(GIVEN INFORMATION Opens)

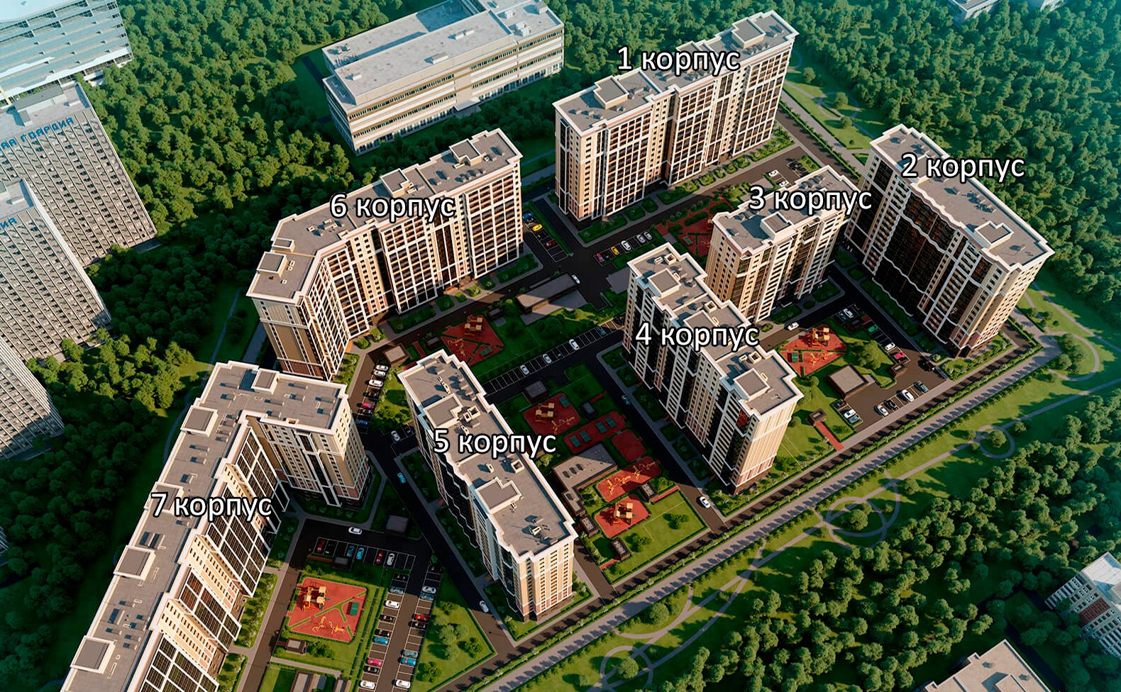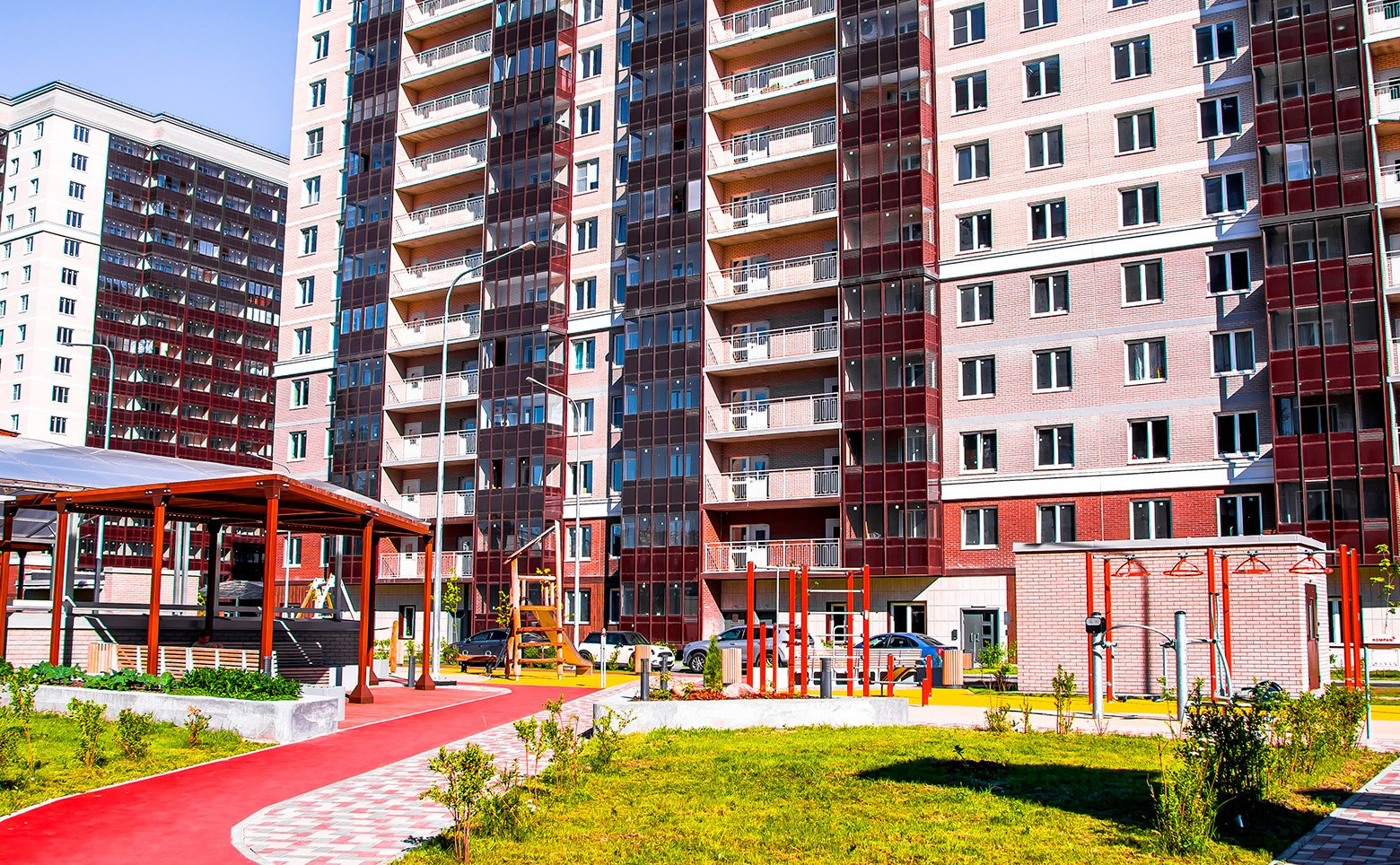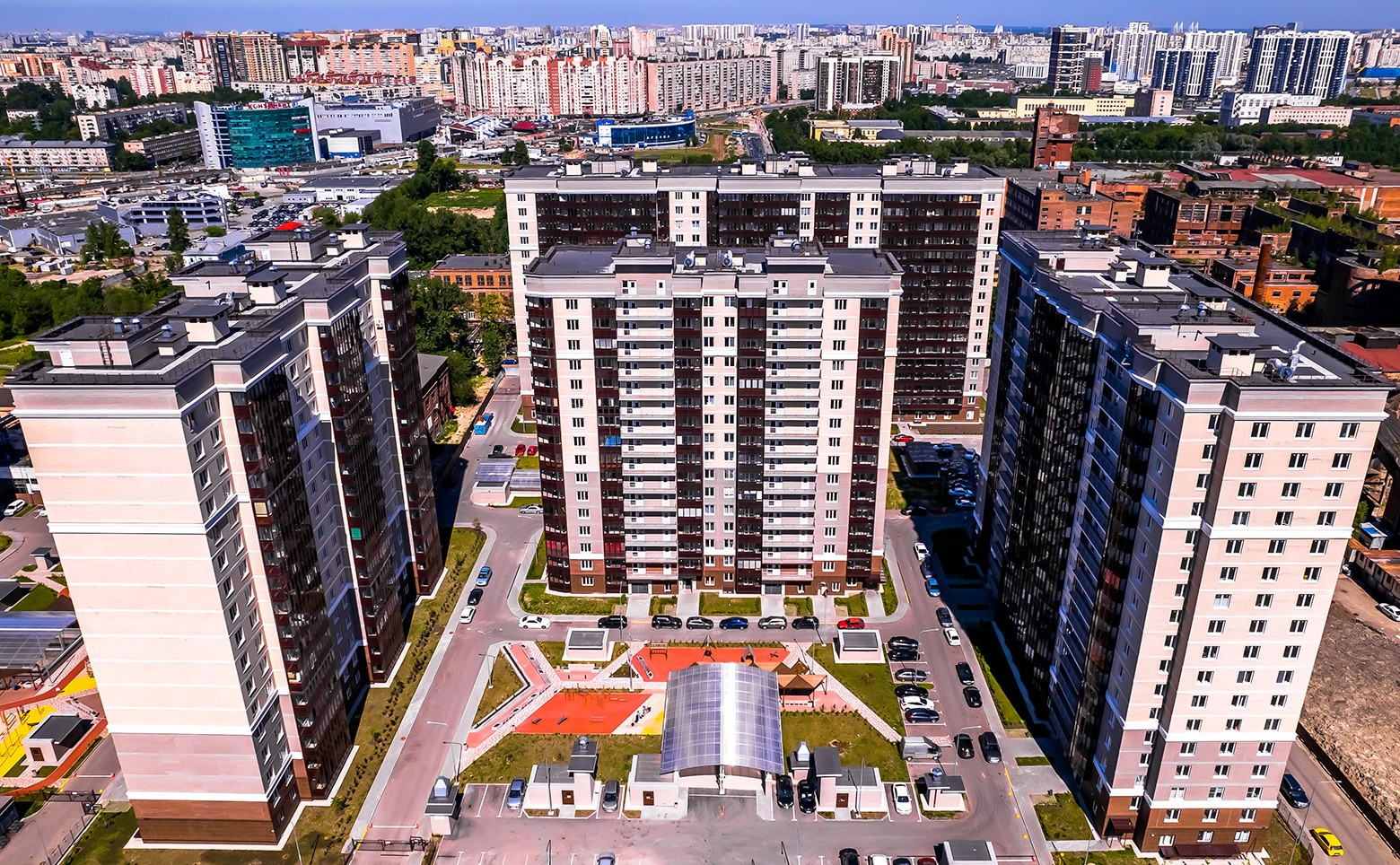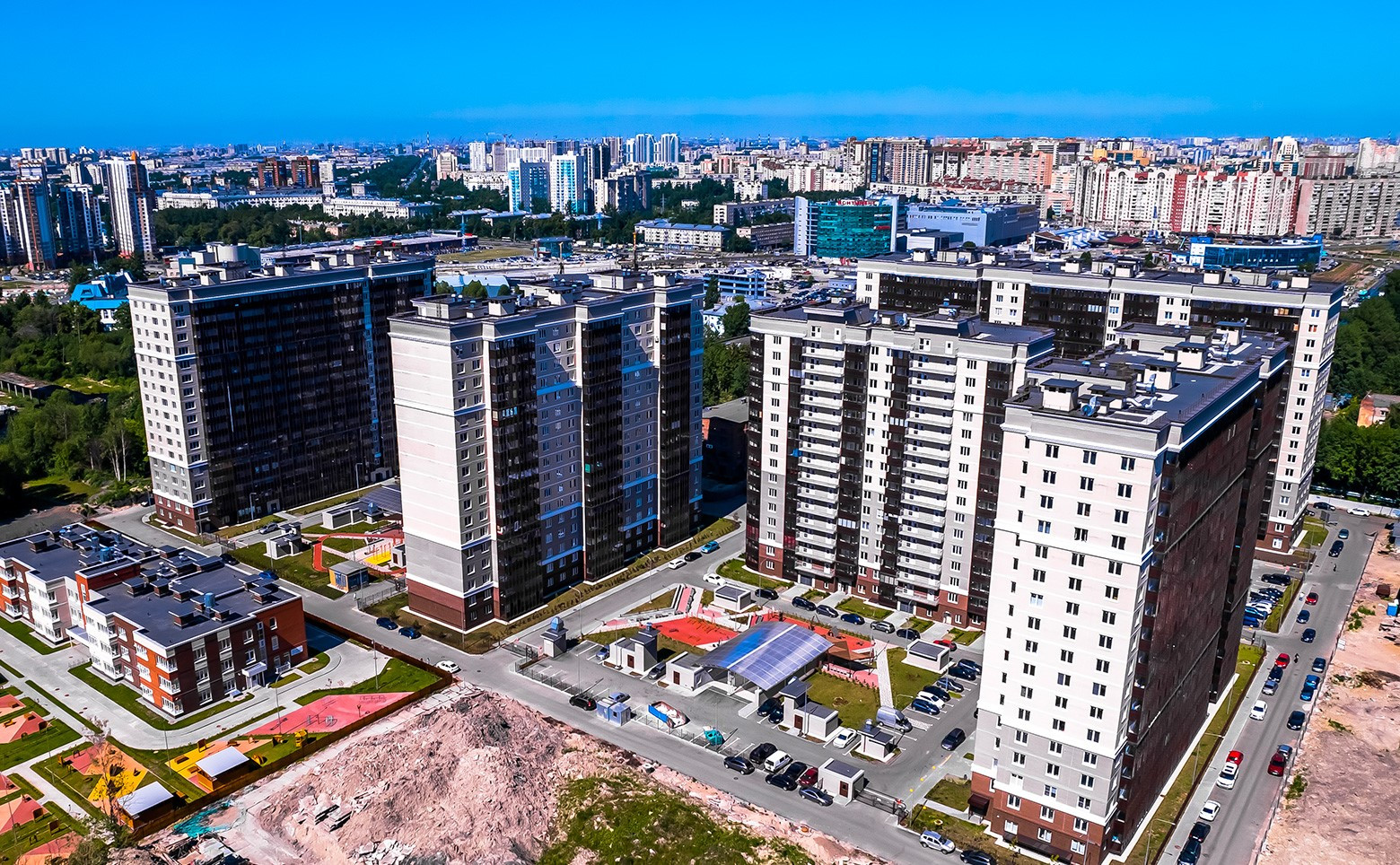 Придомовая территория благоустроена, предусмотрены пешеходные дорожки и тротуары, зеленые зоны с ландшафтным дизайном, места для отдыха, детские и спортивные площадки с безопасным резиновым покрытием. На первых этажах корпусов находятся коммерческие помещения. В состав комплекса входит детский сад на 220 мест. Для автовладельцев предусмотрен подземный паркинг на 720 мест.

(GIVEN INFORMATION Closes)
(GIVEN INFORMATION Opens)

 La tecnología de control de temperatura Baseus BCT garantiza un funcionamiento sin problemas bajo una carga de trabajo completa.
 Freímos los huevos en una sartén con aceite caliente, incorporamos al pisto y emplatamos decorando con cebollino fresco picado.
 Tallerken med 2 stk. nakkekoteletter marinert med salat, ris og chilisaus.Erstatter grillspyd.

(GIVEN INFORMATION Closes)

THE TASK: An exact copy of the lines above between the line holding "Freímos los huevos" and the line holding "Tallerken med 2", inclusive, is the whole answer.

RESPONSE BOX:
 Freímos los huevos en una sartén con aceite caliente, incorporamos al pisto y emplatamos decorando con cebollino fresco picado.
 Tallerken med 2 stk. nakkekoteletter marinert med salat, ris og chilisaus.Erstatter grillspyd.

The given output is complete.